Born at half-past three on a February morning, the world having been decked with a slight snow-fall, it was then that my mother’s aunt, Mrs. Emily Smith, opened the bedroom door and emerged on the landing. My father had gone outside to lean over the gate, and was still leaning there when she opened the door, but my mother’s mother, with another of my mother’s aunts, were standing with bowed heads at the foot of the stairs. Prone in the parlour, and stretched in uneasy attitudes, five of her eight sisters were snatching a troubled sleep, while two fellow-members of my mother’s Mothers’ Guild were upon their knees in the back kitchen. But for the fact, indeed, that two of my mother’s sisters had not, at that time, had their tonsils removed, the whole house would have been wrapped in the profoundest stillness.
My mother’s mother was the first to see Mrs. Smith, though she only saw her, as it were, through a mist. Mrs. Smith was the first to speak, in a voice tremulous with emotion.
“Where’s Augustus?” she said.
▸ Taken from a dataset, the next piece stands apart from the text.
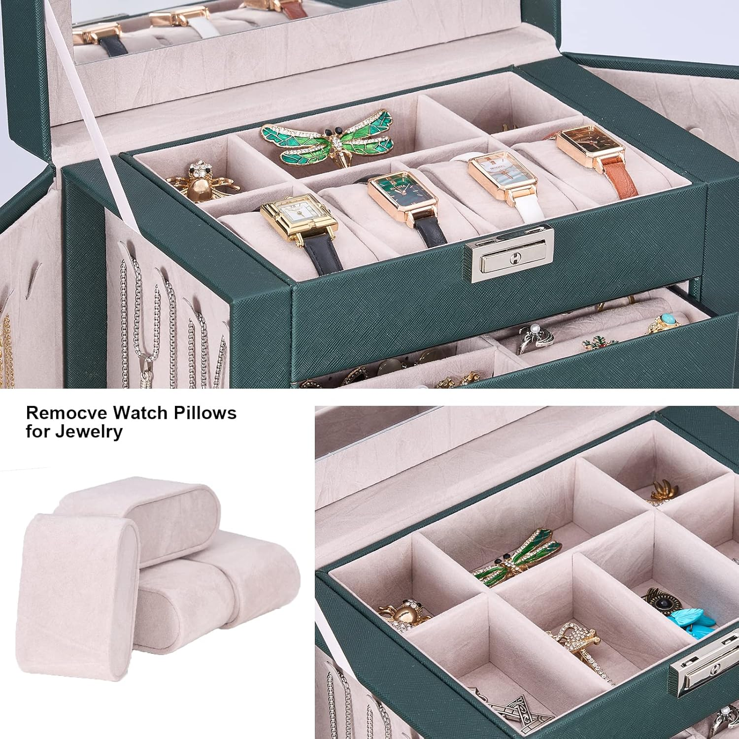 Store New Arrivals Add to Favorite View Feedback Contact Jewelry Box 5 Tier Jewelry Storage Organizer Jewelry Case with 4 Drawers with Mirror Lockable Jewelry Boxes for Women Gift for Loved Ones for Your Jewelry Sturdy UJJB003G Description Item model number JJB003 Style Vintage Number of Items 1 Country of Origin China Batteries Included? No Batteries Required? No Finish Textured Special Feature Jewelry Organizer,Large Capacity,Removable,Sturdy Product Dimensions 6.3"D x 10.63"W x 11.22"H Material Engineered Wood, Faux Leather, Wood, Stainless Steel, Glass, Ceramic, Bamboo, Crystal Number of Drawers 3 Finish Type Textured Closure Type Lock Item Weight 6.91 pounds Occasion Christmas, Wedding, Anniversary, Birthday, Valentine's Day Special Features Jewelry Organizer,Large Capacity,Removable,Sturdy Target Audience Women Mounting Type Table Top Color Green Inner Material Leather Shape Rectangular Recommended Uses For Product earrings, eardrops, rings, necklaces, brooches, cufflinks, pendants and watches Included Components jewelry box LARGE CAPACITY JEWELRY BOX:5-tier and 2-wings can organize all your jewelry. The top layer with lock and mirror to store valuable jewellery. Contains 4 pillows, 4 earring grids and 7 ring cushions, 12 equal-sized squares, one large sunglasses grid. The middle 3 layers can be interchanged MULTI-FUNCTIONAL JEWELRY ORGANIZER:The jewelry box It can be put a couple watches, earrings, rings, necklaces, hairpins,brooches, bracelets, and some sunglasses distributed into all the drawers. Avoid jewelry tangle and loss and tarnish in the air, keep your desktop neat and clean STURDY and ELEGANT for WOMEN:The jewelry box frame is made of medium density fiberboard, the structure is stable and will not dent or fall apart. The exterior is Faux Leather, which can be cleaned with a damp cloth without cracks or peeling. The interior soft velvet lining can protect your jewelry from scratches.Elegant and suitable for women of all ages JEWELRY ORGANIZER BOX with LOCK and MIRROR: Intimate and convenient. You can save your precious jewelry box in the lockable grid to prevent loss and child trouble. The mirror on the top layer is convenient for you to choose the right jewelry to match your makeup, and find the objects you want more quickly GIFTABLE-BEAUTIFULLY CRAFTED:The jewelry box exquisite workmanship and exquisite hardware. For GF, MOM and daughter, it is a good choice for Valentine's Day, Mother's Day, birthday or Christmas SMALL FOOTPRINT: 10.67" L x 11.30" H x 6.22 W, It can be placed on your dressing table or vanity, it will not take up a ton of space Product Description Jewelry Box with Mirror and Lock Large embedded mirror makes it easy to choose jewelry to match your makeup The lockable top can hold your precious jewelry Just A Meant Jewelry Box for You A great way to keep different kinds of jewelry organized. Soft interior velvet lining to protect your precious jewelry and avoid tarnish in the air. Smell size and large capacity to make your jewelry neat and handly. Beautiful jewelry box as gifts for woman. Stable and durable jewelry organizer. Good choice for Mother's Day, Birthday or Christmas Large Jewelry Organizer in Different Ways for All Your Jewelry It will not take up a ton of space Layer 1 SIZE:7.68" L x 5.91" W x 1.34" H Divided into earring area and ring area. To store your large number of rings and earrings, studs. Layer 2 SIZE:7.68" L x 5.91" W x 1.34" H Divided into 12 equal squares. To Store your hairpins, brooches, chunky and gothic style earrings. Layer 3 SIZE:7.68" L x 5.91" W x 1.34" H Divided into four equal rectangles. To Store your bracelets, bands, jewelry necklaces and sweater necklace. Layer 4 SIZE:7.68" L x 5.91" W x 2.56" H A large space without divided. To store your sunglasses, chains and other big items. Two side doors for a necklace 8 hooks on each side are designed for your various necklaces.The pendant can fit in the bottom pocket.Prevent your necklace from becoming entangled Detachable watch pillows Detachable watch pillow.If you don't need so many watch pillows, you can take them out to make room for other jewelry. Cube structure, occupy small desktop area Small footprint, 5 storeys of storage space.You can put it next to the dressing table or the washstand. Imitation leather Fake leather that won't peel or split It's easy to clean and can be wiped with a wrung wet towel ABOUT US We offer the best prices around on high quality products. Our E-store includes media such as books, movies, music and games while offering electronics, toys, sporting apparel, clothing, tools, general home, garden items and more. SHIPPING We are always working hard to ensure your package arrives as soon as possible. Please understand that some factors like weather, high postal traffic, and the performance of shipping companies are outside of our control. We offer free shipping to the lower 48 states and ship within 2 business days of payment, usually sooner. We do not accept P.O. Boxes. Please provide a physical address. For shipping outside of the continental USA, we only use eBay's Global Shipping Program.The item is shipped to KY and then sent to the rest of the world. International customers are responsible for all duties and taxes. Continue to check out in order to calculate costs for shipping the item to your country. Messages regarding eBay's Global Shipping Program MUST be directed at eBay EXCLUSIVELY. RETURNS We offer a 30-Day Return Policy on items which you are not completely satisfied with. You have the option for a full-refund or an exchange of the item. No returns are available on items shipped outside of the USA. PAYMENT We accept PayPal. CONTACT US This page content is yet to come Please ad us to your favorite seller and visit again later Thank You CUSTOMER SATISFACTION We try our very best to make sure every customer is completely satisfied. If there's a problem, message us! We're happy to help. WE ACCEPT Copyright © 2021 AutoDS. | All Rights Re

Augustus was my father’s name.
“He’s just gone outside,” said my mother’s mother.
Something splashed heavily on the hall linoleum. It was a drop of moisture from Mrs. Smith’s forehead.
“Tell him,” she said, “that he’s the father of a son.”
My mother’s mother gave a great cry. My father was beside her in a single leap. Always, as I have said, highly coloured, his face at this moment seemed literally on fire. The two fellow-members of my mother’s Mothers’ Guild, accompanied by my father’s five sisters-in-law, rushed into the hall. Mrs. Smith leaned over the banisters.
“A boy,” she said. “It’s a boy.”
“A boy?” said my father.
“Yes, a boy,” said Mrs. Smith.
There was a moment’s hush, and then Nature had its way. My father unashamedly burst into tears. My mother’s mother kissed him on the neck just as the two fellow-members burst into a hymn; and a moment later, my mother’s five sisters burst simultaneously into the doxology. Then my father recovered himself and held up his hand.
“I shall call him Augustus,” he said, “after myself.”
“Or tin?” suggested my mother’s mother. “What about calling him tin, after the saint?”
“How do you mean—tin?” said my father.
“Augus-tin,” said Mrs. Emily Smith.
But my father shook his head.
“No, it shall be tus,” he said. “Tus is better than tin.”
Then his five sisters-in-law resumed the singing, from which the two fellow-members had been unable to desist, until my father, who had been rapidly thinking, once again held up his hand.
“And I shall give the vicar,” he said, “the first opportunity of becoming Augustus’s godfather.”
Then he took a deep breath, threw back his shoulders, tilted his chin, and closed his eyes; and with the full vigour of his immense voice, he too joined in the doxology.